Miniaturized Magnetic Sensors for Implantable Magnetomyography

Magnetism‐based systems are widely utilized for sensing and imaging biological phenomena, for example, the activity of the brain and the heart. Magnetomyography (MMG) is the study of muscle function through the inquiry of the magnetic signal that a muscle generates when contracted. Within the last few decades, extensive effort has been invested to identify, characterize and quantify the magnetomyogram signals. However, it is still far from a miniaturized, sensitive, inexpensive and low‐power MMG sensor. Herein, the state‐of‐the‐art magnetic sensing technologies that have the potential to realize a low‐profile implantable MMG sensor are described. The technical challenges associated with the detection of the MMG signals, including the magnetic field of the Earth and movement artifacts are also discussed. Then, the development of efficient magnetic technologies, which enable sensing pico‐Tesla signals, is advocated to revitalize the MMG technique. To conclude, spintronic‐based magnetoresistive sensing can be an appropriate technology for miniaturized wearable and implantable MMG systems.

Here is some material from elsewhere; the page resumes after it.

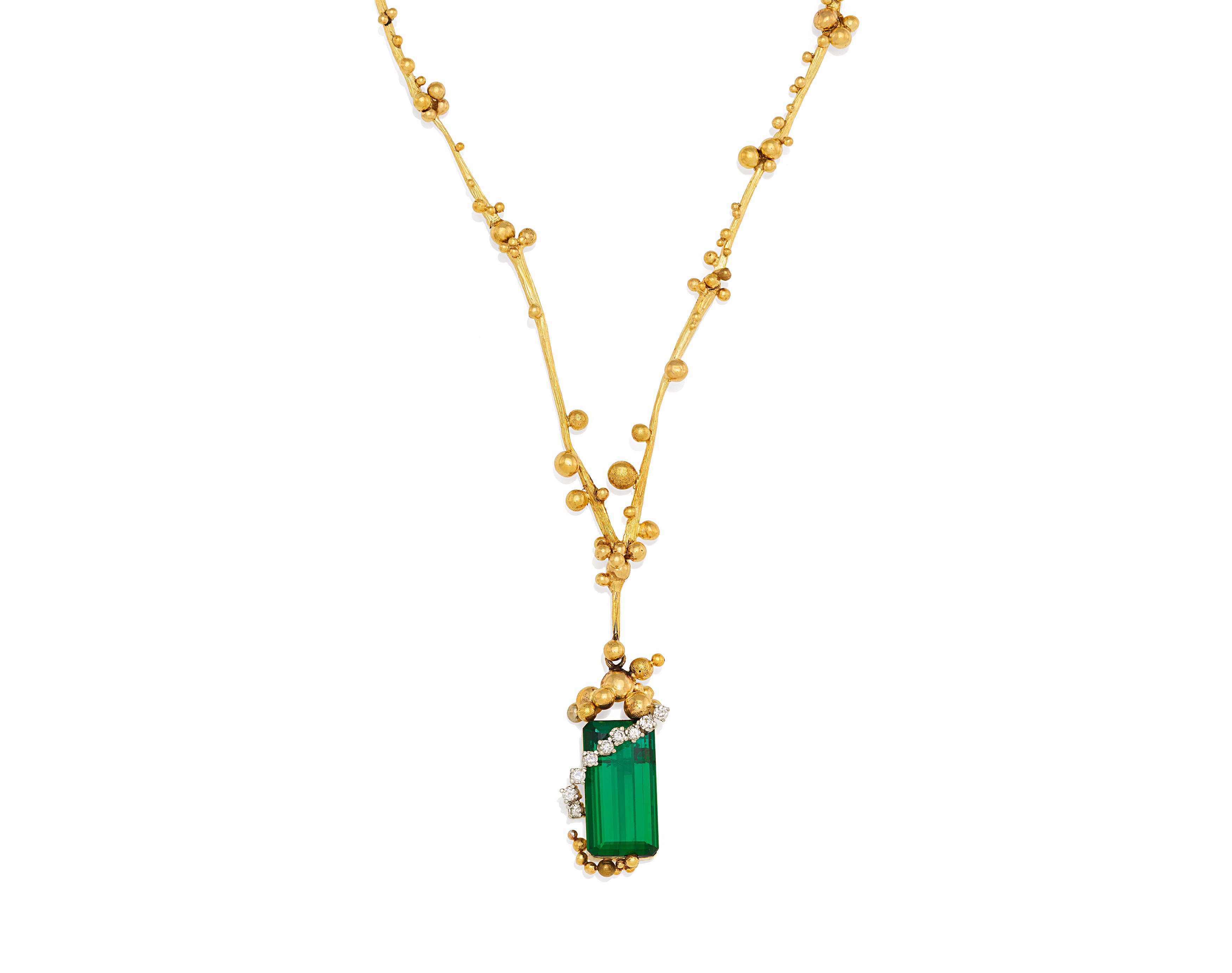 Edelsteine: 1 Turmalin im Emerald-Schliff ca. 15,0 ct., feine grüne Farbe.

The state‐of‐the‐art biomagnetic sensing technologies for implantable magnetomyography (MMG) to study muscle function through the inquiry of the magnetic signal that a muscle generates when contracted are described here. The technical challenges associated with the MMG signals detection and the development of innovative technologies, e.g., spintronic‐based magnetoresistors, which enable sensing pico‐Tesla signals, are advocated to revitalize the MMG technique.